Do not modify the name of the function nor the parameters it receives.
The entire work must be done within Spark SQL:
§ The function my_main must start with the creation operation 'read' above loading the dataset to Spark SQL.
§ The function my_main must finish with an action operation 'collect', gathering and printing by the screen the result of the Spark SQL job.
§ The function my_main must not contain any other action operation 'collect' other than the one appearing at the very end of the function.
§ The resVAL iterator returned by 'collect' must be printed straight away, you cannot edit it to alter its format for printing.
4. A02_Part4/A02_Part4.py
Complete the function compute_page_rank of the Python program.
Do not modify the name of the function nor the parameters it receives.
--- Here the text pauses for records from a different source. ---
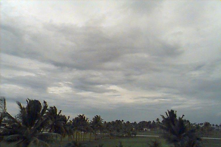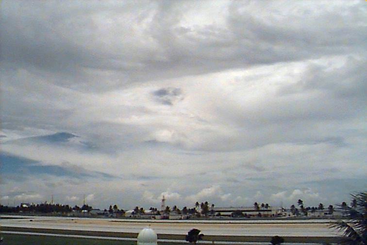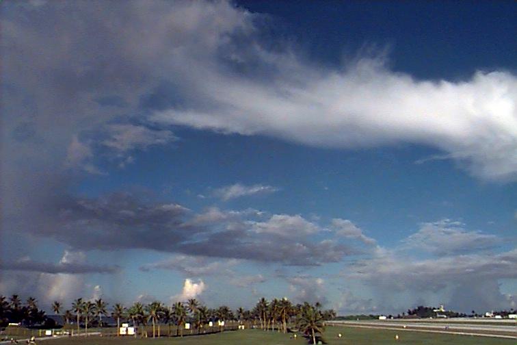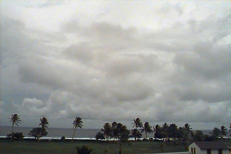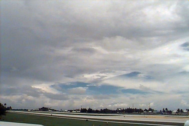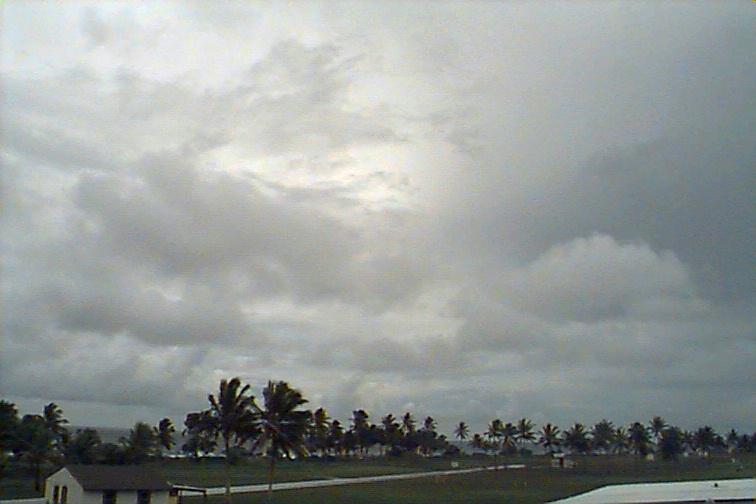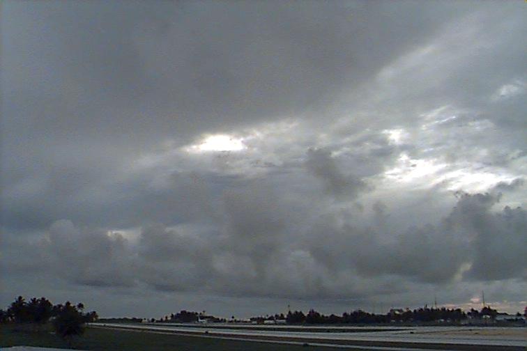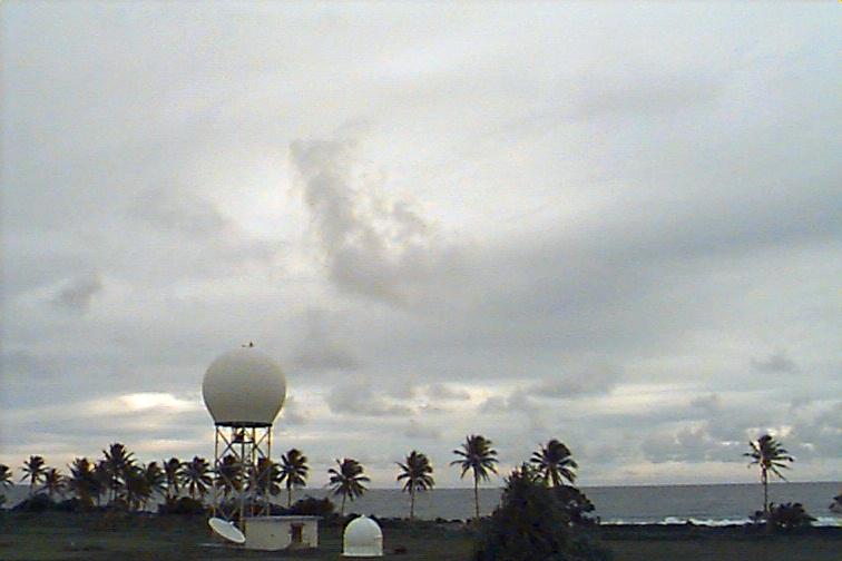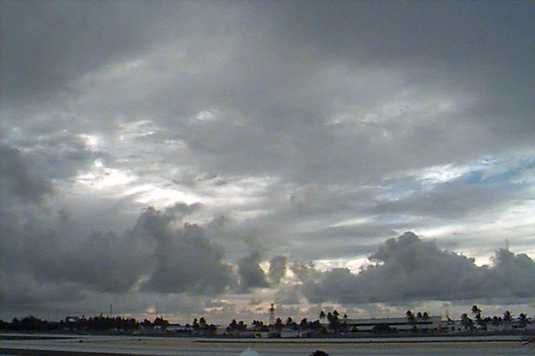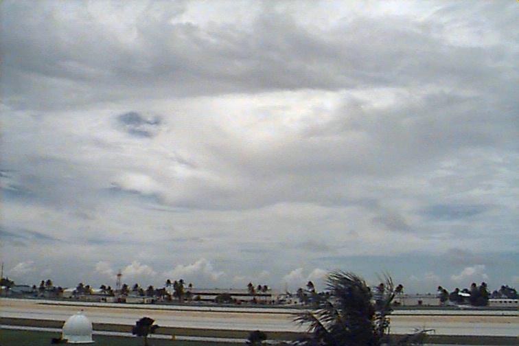 Dark Cb to the south. Ac patch to west, otherwise opaque As. Upper level boundary north of Kwaj oriented E-W with Cs to south and clear skies to north. |
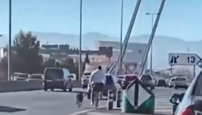 A este hecho le ha añadido un extra de peligrosidad y riesgo, tanto para el hombre como para el animal y para el resto de conductores que pasaban muy cerca de ambos. Y es que al individuo en cuestión no se le ha ocurrido otra que caminar en bici, muy tranquilamente y agarrando de la cuerda de su perro, por la autovía GR-30 de Granada en dirección Motril.
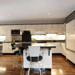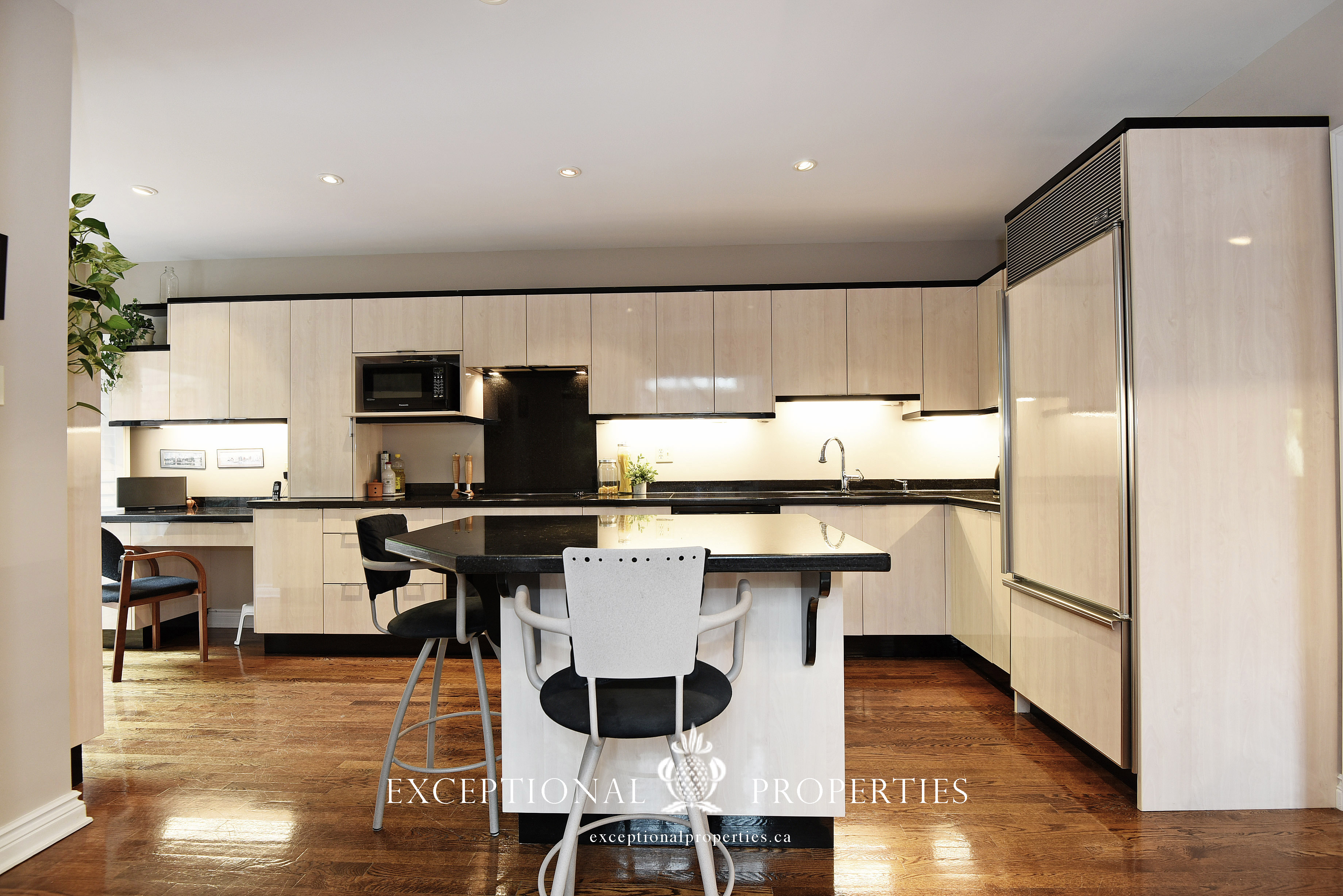 The first level boasts a contemporary kitchen with Sub-Zero and Bosch appliances, and an island and breakfast area with walk out into a charming private garden terrace on the south side of the property.
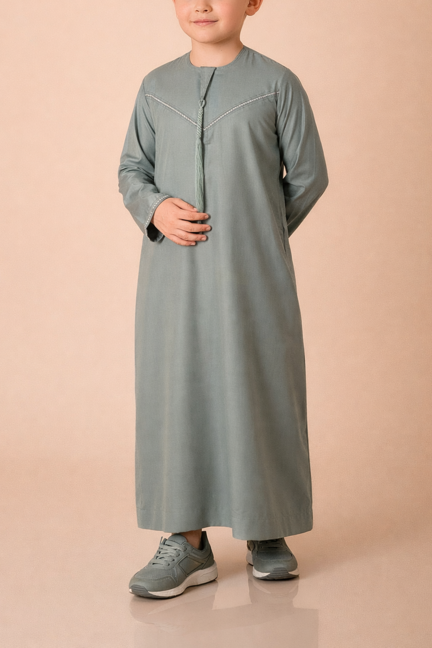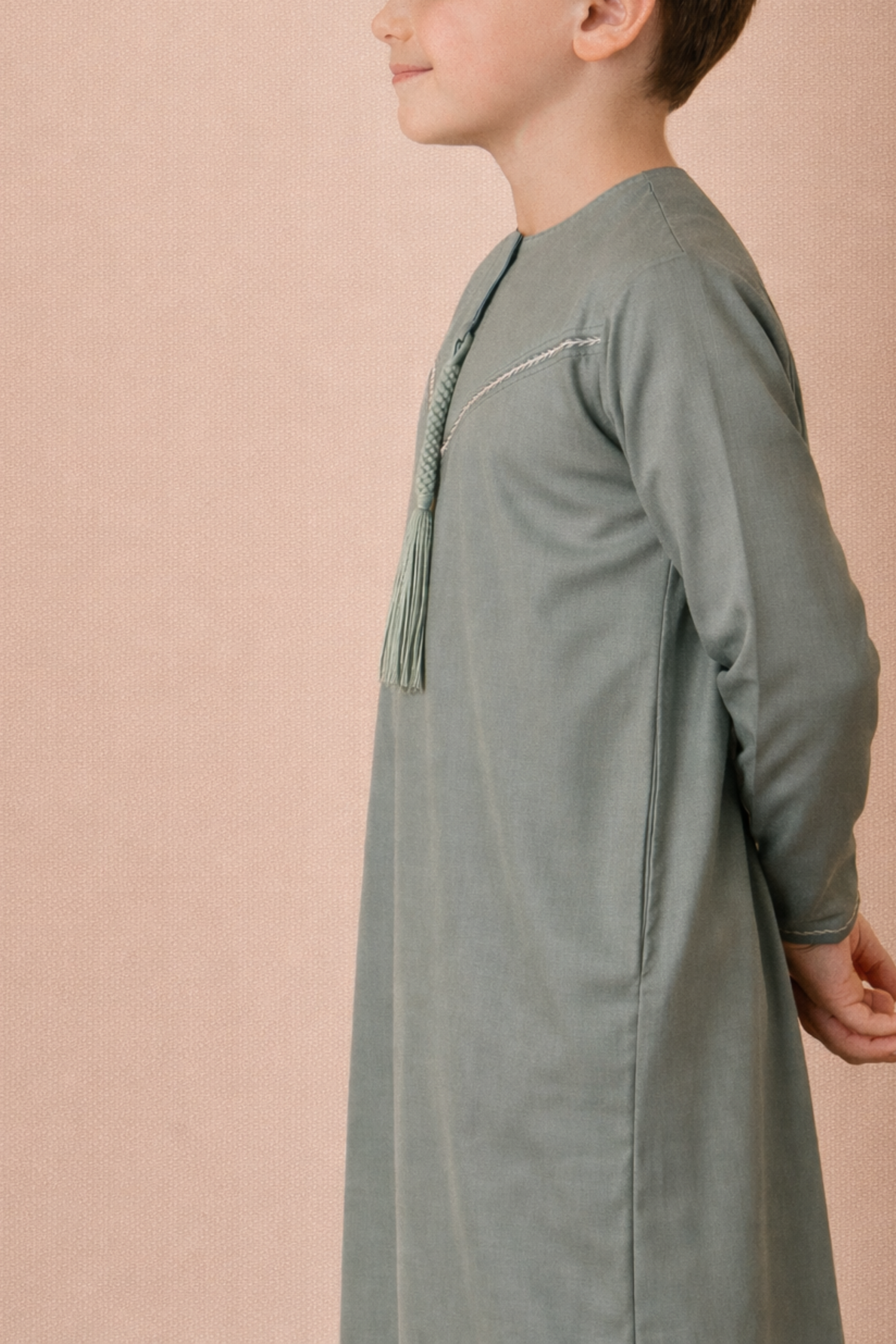 Elegant sage green Emirati-style kids thobe featuring refined contrast V-stitch detailing and traditional tassel.

The function must return a dictionary with (key, value) pairs, where:
§ Each key represents a node id.
§ Each value represents the pagerank value computed for this node id.
5. A02_Part5/A02_Part5.py
Complete the function my_main of the Python program.
Do not modify the name of the function nor the parameters it receives.
The entire work must be done within Spark SQL:
§ The function my_main must start with the creation operation 'read' above loading the dataset to Spark SQL.
§ The function my_main must finish with an action operation 'collect', gathering and printing by the screen the result of the Spark SQL job.
§ The function my_main must not contain any other action operation 'collect' other than the one appearing at the very end of the function.
§ The resVAL iterator returned by 'collect' must be printed straight away, you cannot edit it to alter its format for printing.